10 solutions schools can champion to address a national mental health emergency

More than 140,000 U.S. children lost a primary and/or secondary caregiver, with youth of color most heavily impacted
By: | October 21, 2021

The surge in students struggling with mental health concerns over the last few years has now reached crisis levels, a coalition of pediatricians, psychiatrists and hospitals warned education leaders this week.

Children and adolescents are suffering what equates to a national mental health emergency that is being fueled by the “enormous adversity and disruption” brought on by COVID-19 and the ongoing struggle for racial justice, says the declaration issued by the American Academy of Pediatrics, American Academy of Child and Adolescent Psychiatry, and Children’s Hospital Association.

“We have witnessed soaring rates of mental health challenges among children, adolescents, and their families over the course of the COVID-19 pandemic, exacerbating the situation that existed prior to the pandemic,” the declaration says. “The inequities that result from structural racism have contributed to disproportionate impacts on children from communities of color,” they said.

Here are a few things school administrators need to know:

  • More than 140,000 U.S. children lost a primary and/or secondary caregiver, with youth of color most heavily impacted, the organizations say.
  • Rates of childhood mental health problems and suicide have were already rising substantially in the decade before COVID struck
  • In 2018, suicide became the second leading cause of death for Americans aged 10 to 24.
  • Since the COVID outbreak, emergency rooms have seen dramatic increases in visits for suspected suicide attempts and other mental health emergencies.
  • Treating the long-term impacts caused by soaring rates of depression, anxiety, trauma, loneliness and suicidality will require state, local and national leaders to take innovative action to improve the access to and quality of adolescent mental health care at all levels and across all communities.
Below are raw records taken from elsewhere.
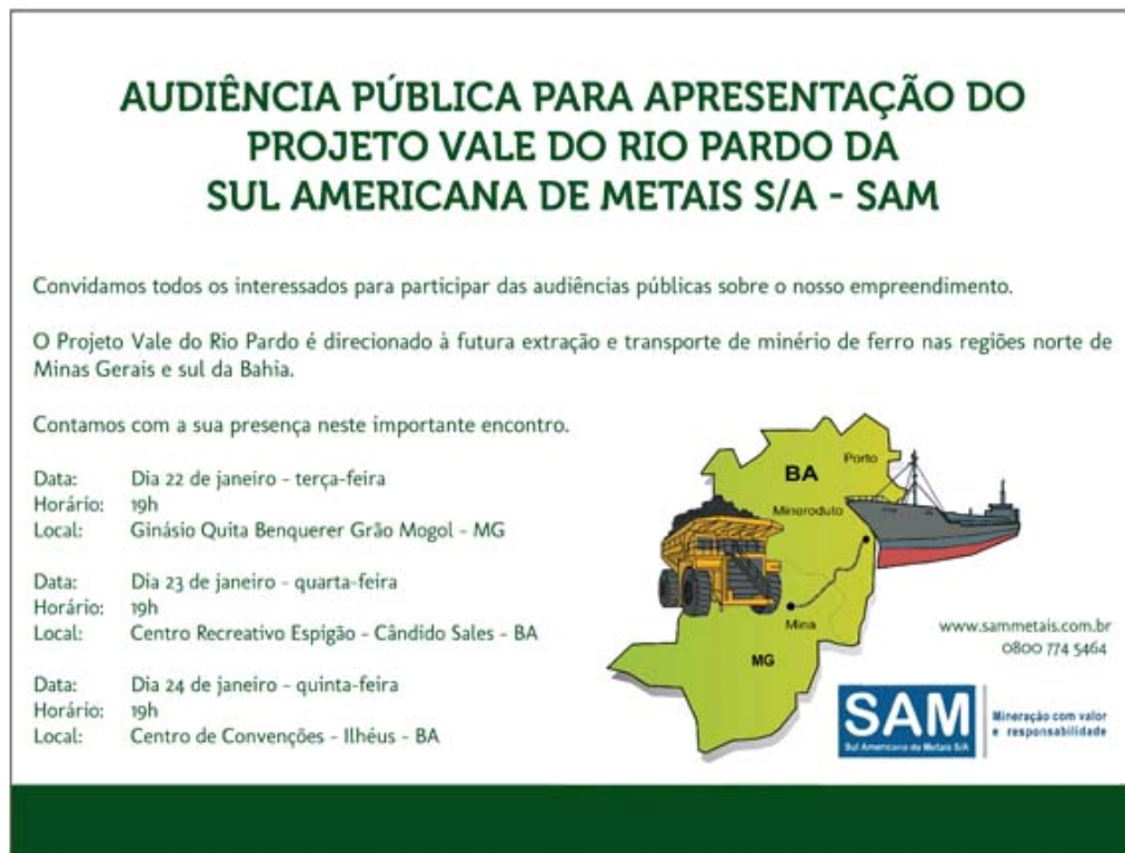
Figura 2 – Anúncio da Audiência Pública realizada no período de 22 a 24/01/2013.

Nesse sentido, trava-se na região uma movimentação social contrária a exploração de minério de ferro e de ouro. Audiências públicas, conforme exemplificado na Figura 2, já foram realizadas em municípios da região, principalmente, Grão Mogol e Janaúba 2 . Além de manifestações públicas diversas.
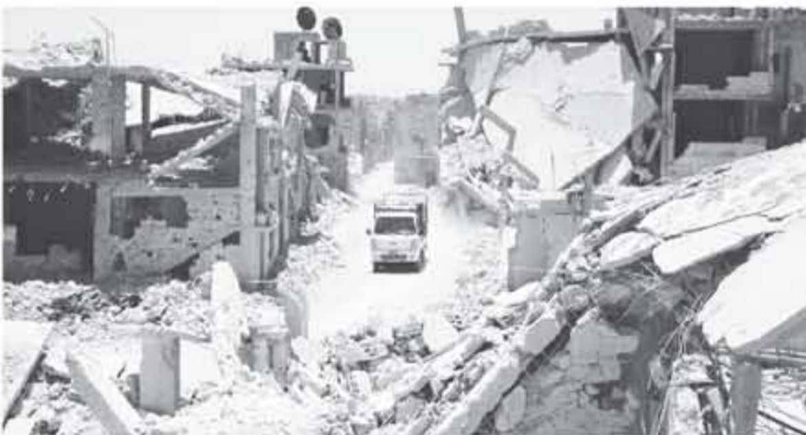
دمشق - وكالات

تتهم فصائل المعارضة الجانب الروسي بعدم الضغط على النظام السوري لتنفيذ البنود التي يتوجب عليه تطبيقها فيما يخص انسحابه إلى الأماكن التي كان يها قبل بدء العملية العسكرية على درعا، إضافة لضمان أمن وسلامة سكان البلدات والمدن التي دخلت في التفاهات مع الجانب الروسي.
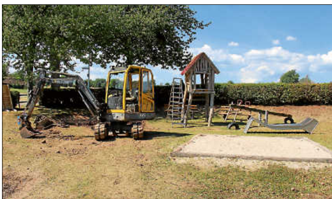
Neues Spielgerät für den Spielplatz an der Birkenwaldstraße

Die Mitarbeiter des städtischen Bauhofs nutzen das schöne Sommerwetter unter anderem auch dafür, um Spielgeräte auf den städtischen Spielplätzen zu erneuern. So wurde beispielsweise in der letzten Woche auf dem Spielplatz zwischen Sommenhardt und Lützenhardt ein neues Spielgerät aus Robinienholz aufgestellt.
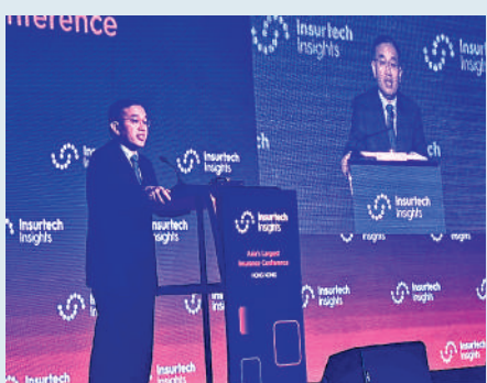
▲許正宇稱，特區政府加強粵港澳大灣區內保險市場的互通性。

他續說，特區政府正努力加強粵港澳大灣區內保險市場的互通性。具體措施包括：檢討今年早些時候推出的風險為本資本（RBC）制度，並檢討基礎投資的資本要求。此外，特區政府還繼續邀請內地和海外企業在香港設立保險子公司，並啟動在香港建立保單持有人保障計劃的立法準備工作。這些倡議旨在分散風險投資組合，鼓勵基礎投資，並加強保險行業的韌性。
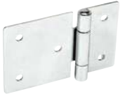
Acier, percée, asymétrique
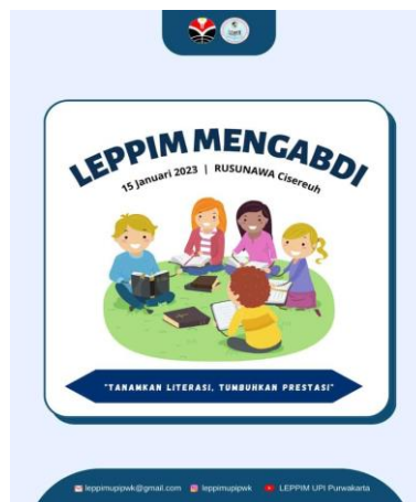
Gambar 3. Poster kegiatan LEPPIM mengabdikan

Sebelum melaksanakan pengabdian, terdapat publikasi poster kegiatan yang bertujuan untuk memberikan informasi kepada pihak terkait kegiatan dan masyarakat umum. Sama seperti poster open donasi, poster kegiatan juga diunggah di akun media sosial LEPPIM UPI Purwakarta, media kerja sama dan panitia. Poster kegiatan yang diunggah adalah seperti pada Gambar 3.
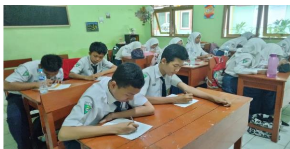
Gambar 1. Pembelajaran menulis cerkak secara konvensional di MTsN Kota Madiun

Untuk memberikan gambaran yang lebih jelas mengenai transformasi proses pembelajaran, berikut disajikan perbandingan dokumentasi antara metode konvensional dan penggunaan media blog . Dokumentasi ini menunjukkan perbedaan signifikan pada media yang digunakan serta tingkat antusiasme siswa dalam mengikuti pembelajaran menulis cerkak . Gambar 1, merupakan suasana pembelajaran menulis cerkak dengan metode konvensional; siswa fokus pada penulisan manual yang cenderung monoton dan hasil karya siswa memiliki keterbatasan dalam hal publikasi dan jangkauan pembaca. Gambar 2, menunjukkan transformasi pembelajaran menggunakan media blog , siswa tampak lebih antusias mengeksplorasi teknologi digital dalam berkarya sastra Jawa. Suasana pembelajaran menulis cerkak menjadi inovatif dan menyenangkan menggunakan media blog .
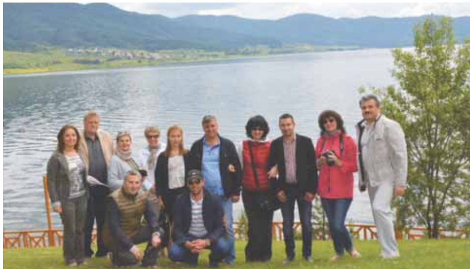
В окрестностях г. Велинграда

Также большой интерес у журналистов вызвали экскурсии по историческим местам: Плиоценский парк и древняя крепость Цепина близ села Дорково, пещера «Лепеница», городской музей и др.
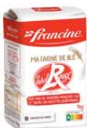
FARINE DE BLÉ LABEL ROUGE FRANCINE 1 kg
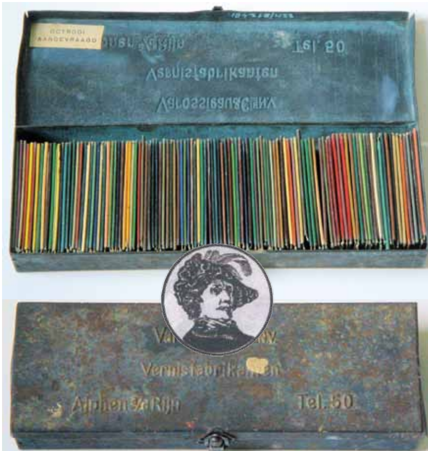
▲ De stalen doos van vernisfabriek Varosseau met meer dan 190 miljoen combinaties aan kleurmogelijkheden.
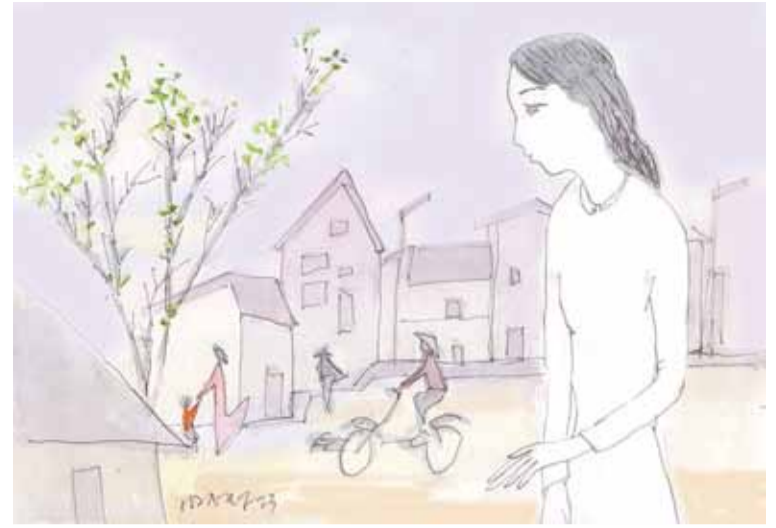
Minh họa: HOÀNG ĐẶNG

Những khoảng giao của đất trời đang dần diễn ra. Những chậu hoa hồng ta trồng ở trước sân sáng nay đã thấy chúng bung sắc, dấu còn khép nép bởi cái lạnh, nhưng mùi
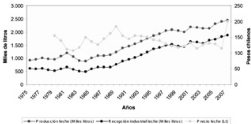
FIGURA 1 EVOLUCIÓN DE PRODUCCIÓN, RECEPCIÓN Y PRECIO DE LECHE 1979-2007

Fuente: Elaboración propia con datos del Banco Central de Chile y ODEPA.
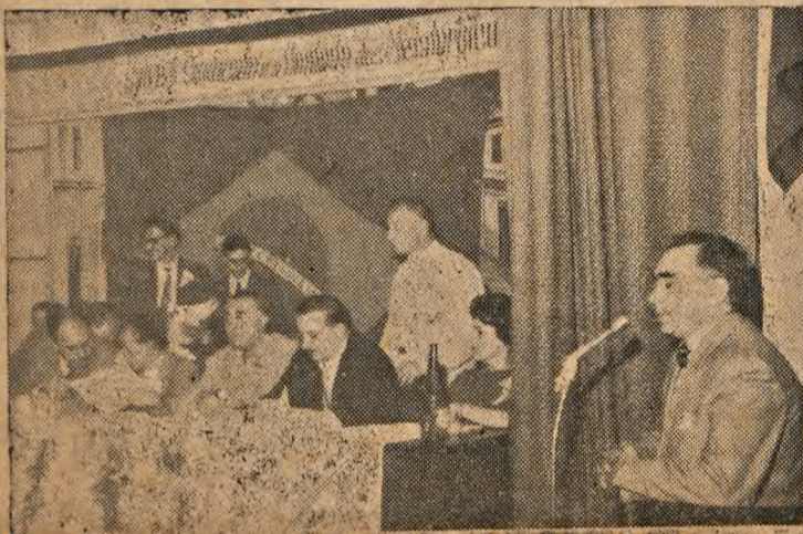
1960 Conferência Sindical dos Trabalhadores
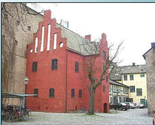
Kompanihuset i Malmö
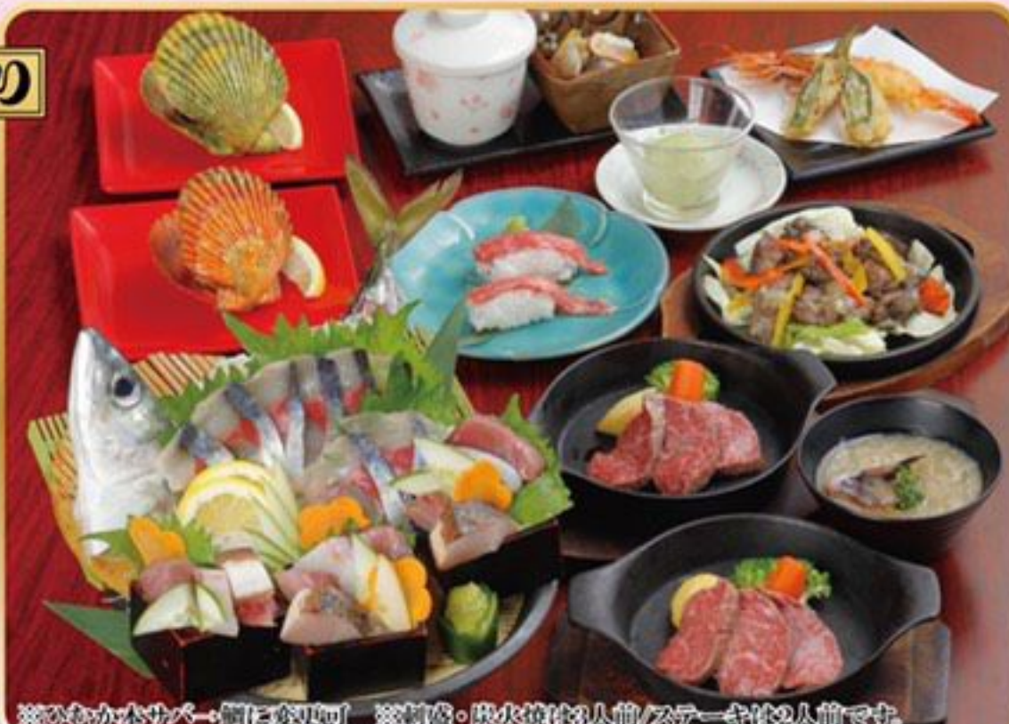
※ひむか本サバ・豚に変わ可 ※刺身・炭火焼は3人前/ステーキは2人前です。

“The pandemic has struck at the safety and stability of families,” the declaration says. “The challenges facing children and adolescents are so widespread that we call on policymakers at all levels of government and advocates for children and adolescents to join us in this declaration.”

Since the COVID outbreak, the nonprofit research organization Child Trends has been sharing steps school administrators can take to support students in distress, including expanding professional development for teachers in trauma-informed care and acknowledging that some communities have been hit harder by the events of the past 18 months.

This week’s declaration covers steps that federal, state and local policymakers can take to begin to address the problem. Here are 10 solutions school administration may want to advocate for:

  1. Increase federal funding to ensure all families and children have access to quality mental health treatment from infancy through adolescence. Particular emphasis must be placed on meeting the needs of under-resourced populations.
  2. Address regulatory challenges and improve access to technology to give all families have access to mental health care through telemedicine.
  3. Fund and expand effective models of school-based mental health care, including clinical strategies and models for payment.
  4. Accelerate adoption of models for integrated mental health care in primary care pediatrics.
  5. Strengthen emerging efforts to reduce the risk of suicide in children and adolescents through school- and community-based prevention programs.
  6. Fully fund comprehensive, community-based systems of care that connect families in need of behavioral health services with interventions in their home, community or school.
  7. Fund trauma-informed care services that support relational health and family resilience.
  8. Solve workforce shortage in child mental health by creating innovative training programs, college loan repayment, and intensifying efforts to recruit underrepresented populations into health care professions.
  9. Increase the number of hospitals and emergency beds available by expanding “step-down programs” from inpatient units, short-stay stabilization units, and community-based response teams.
  10. Advance policies that ensure compliance with and enforcement of mental health parity laws.